Posted: Tue Nov 07, 2006 9:21 am    Post subject: Inertial Mass

It is much more likely that inertial mass is simply a measure of the amount of matter in a body, and that it becomes relevent in determining acceleration through these two mechanisms,

(1) If an external force acts differently on the positive and the negative particles within a body, it will lead to a shared effect. This would mean that the charge to mass ratio would be the determing factor for the resultant acceleration under the action of a uniformly applied external force. All bodies in a gravitational field, that have the same charge to mass ratio, would accelerate at the same rate, as per Galileo's famous experiment at the Leaning Tower of Pisa.

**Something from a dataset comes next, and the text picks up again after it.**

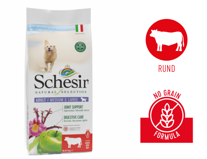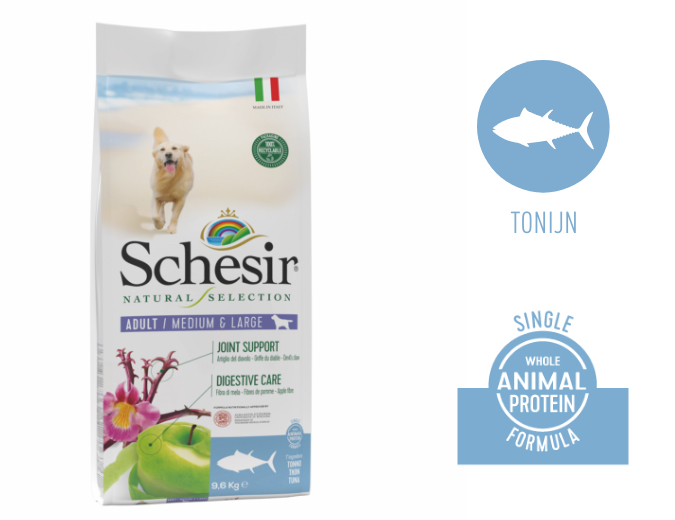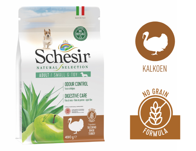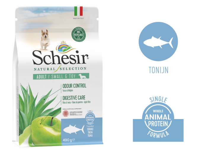 De spijsvertering vraagt om speciale aandacht, ongeacht de grootte van uw hond. Vanwege de lengte van het spijsverteringskanaal hebben onze viervoetige vrienden behoefte aan voer dat makkelijk verteerbaar is. Juist daarom heeft Schesir de appelvezel geselecteerd voor al zijn recepten speciaal voor honden. Het betreft een ingrediënt dat rijk is aan gunstige eigenschappen. Met name omdat het de regelmaat van de darmwerking bevordert en het welzijn van de bacteriën in de darmflora ondersteunt. Naast de appelvezel, het functionele basisingrediënt van alle referenties, heeft Schesir specifieke natuurlijke ingrediënten gevonden die in staat zijn om het welzijn van honden te bevorderen, al naar gelang hun leeftijd en hun grootte.

(2) If an external force acts on only one part of a body, then the internal electrostatic forces will share the effect amongst themselves. In this case, the inertial mass would be a determining factor for the resultant acceleration. An example would be a rope pulling a trolley.

In this web link at section IV, you can view a derivation of inertial mass based on the principle that it is a cumulative effect dependent on the amount of matter in a body.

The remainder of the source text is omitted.